I have been eating and shopping for wine in New York City this past week and will share a connected vignette of a Saumur-Champigny shopping find, a transported Champagne note, and a wine friendly restaurant. This week’s quick holiday in New York, where my wine and personal roots run deepest, produced unfavorably opposite impressions on my wallet and waistline girths. I accept these developments as wine blogging hazards, side effects in the fulfillment of WineZag’s mission to present readers with information I discover to be nourishing to my own wine enthusiasm; value paths to great yet inexpensive wine, notable places to drink wine with food, when to dent the budget on higher priced treasures that are really values in expensive clothes, and when to act on hard-to-source wines that are immediately available in the marketplace.
Ask my wife how many times last week I moaned, “Why can’t we have these kinds of wine shops with breadth of intelligent inventory in Boston” and learn how sick she is hearing about that from me. The last time I uttered the phrase was walking out of Union Square Wines & Spirits (212) 675-8100 on 4th Avenue and 13th Street in the Village. It is a dreamy shop to walk through with inventory that penetrates a vast global range of interesting regions with intelligent selections. It was here that I tripped over the wine that I can now reconfirm as the most interesting bottle I drank in all of 2010; ($60 *****) 2005 Clos Rougeard Saumur-Champigny. The wine was priced at $75 before discount, and $60 with discount. Now that I have safely restocked (phew), go and grab whatever they have left. You will not find another wine like this, anywhere. Do not wait, act now.

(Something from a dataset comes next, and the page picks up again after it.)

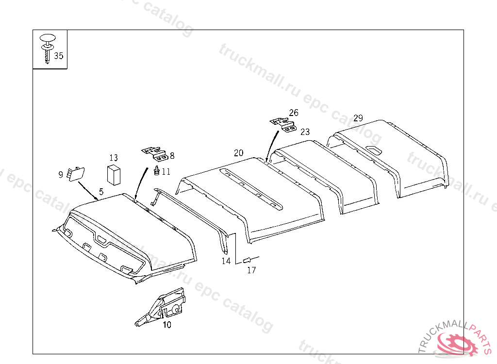 HEADLINER WITHOUT LOAD COMPARTMENT SLIDING DOOR. WITH GLASS TILTING ROOF

Six of us drank some of the Clos Rougeard while dining at Little Giant (212) 226-5047 at 85 Orchard Street (and Broome) on the Lower East Side. They offer a $20 corkage fee in a relaxed setting to go along with inventive comfort food; a recommended wino spot, but bring your own wine since the list could be stronger. The 2005 Saumur-Champigny is the entry level Clos Rougeard, but it is completely compelling and unique. Its familiar gaminess and truffle quality was on full display, and its grace, restraint, and purity of fruit were all there once again to protect its number one rank in the final 2010 WineZag poll. It actually reminds me of great stinky Burgundies that are chiseled into my palate’s memory banks, all coming with much stiffer several hundred dollar price tags. But then again, it is a distinctive Cabernet Franc style that is not found anywhere else in the world or in the Loire and can not be replicated by Pinot Noir.

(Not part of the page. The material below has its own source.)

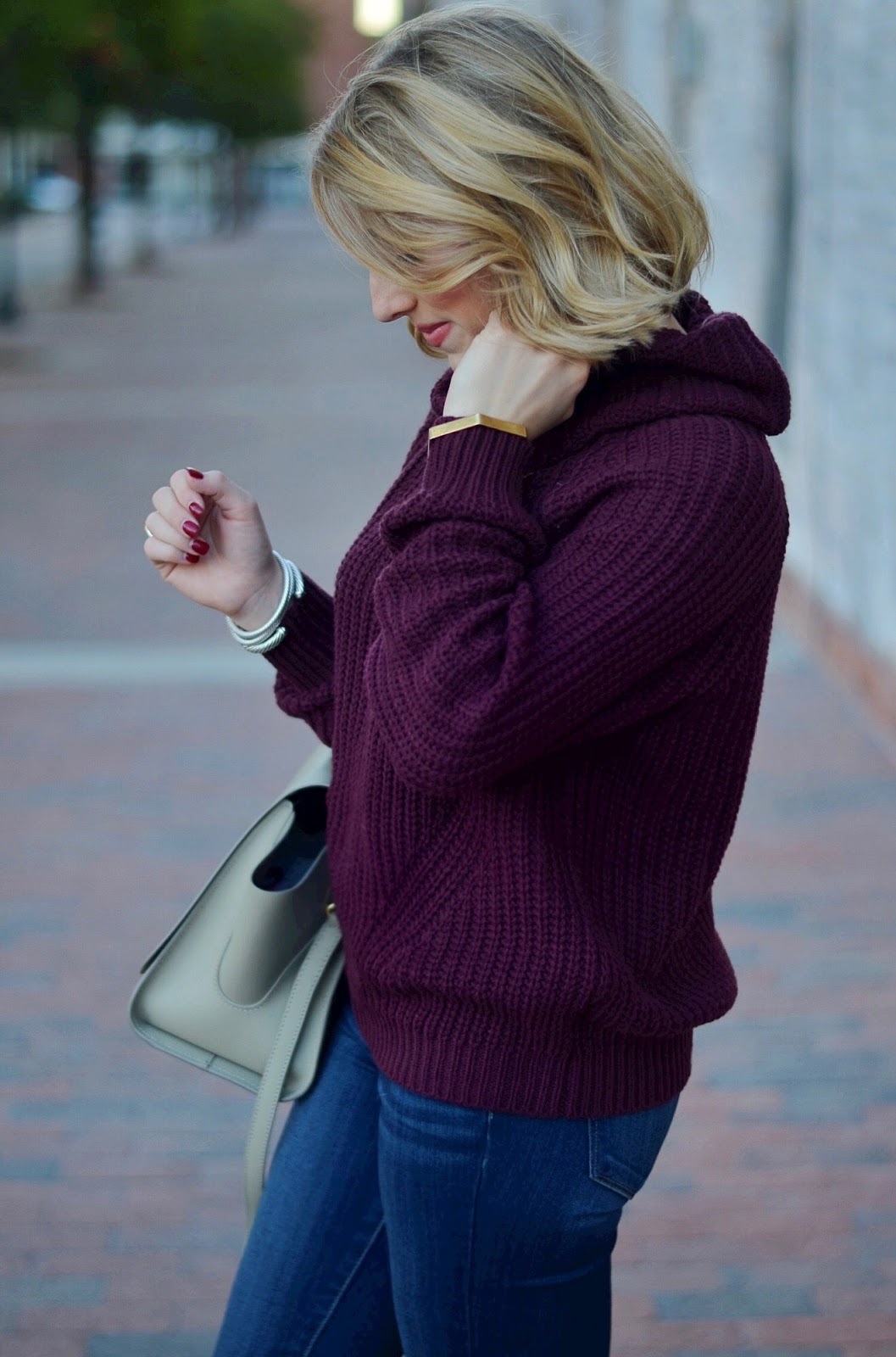 I just got this sweater in grey and love it! It's so comfy and I think I need the wine color you have!

We also drank ($42 ***1/2) Guy Larmandier Brut, a NV grower Champagne I carried with me from Boston and made by the established multi generation Larmandier wine making family. The wine is constructed primarily from Chardonnay, and has a deep biscuit flavor with intense elegant fruit and tight tiny bubbles. It is both fresh and rich all at once, offering a rewarding drinking experience that is smooth on the palate despite its serious vibrancy. I am pouring two cases of this wine for a group in Los Angeles next week and wanted to make sure it was as good as I suspected it can be. Check! Go find some…I bought mine at Vintages in West Concord, MA.
Now, off to Los Angeles for a blogger conference and hopefully some new wine adventures.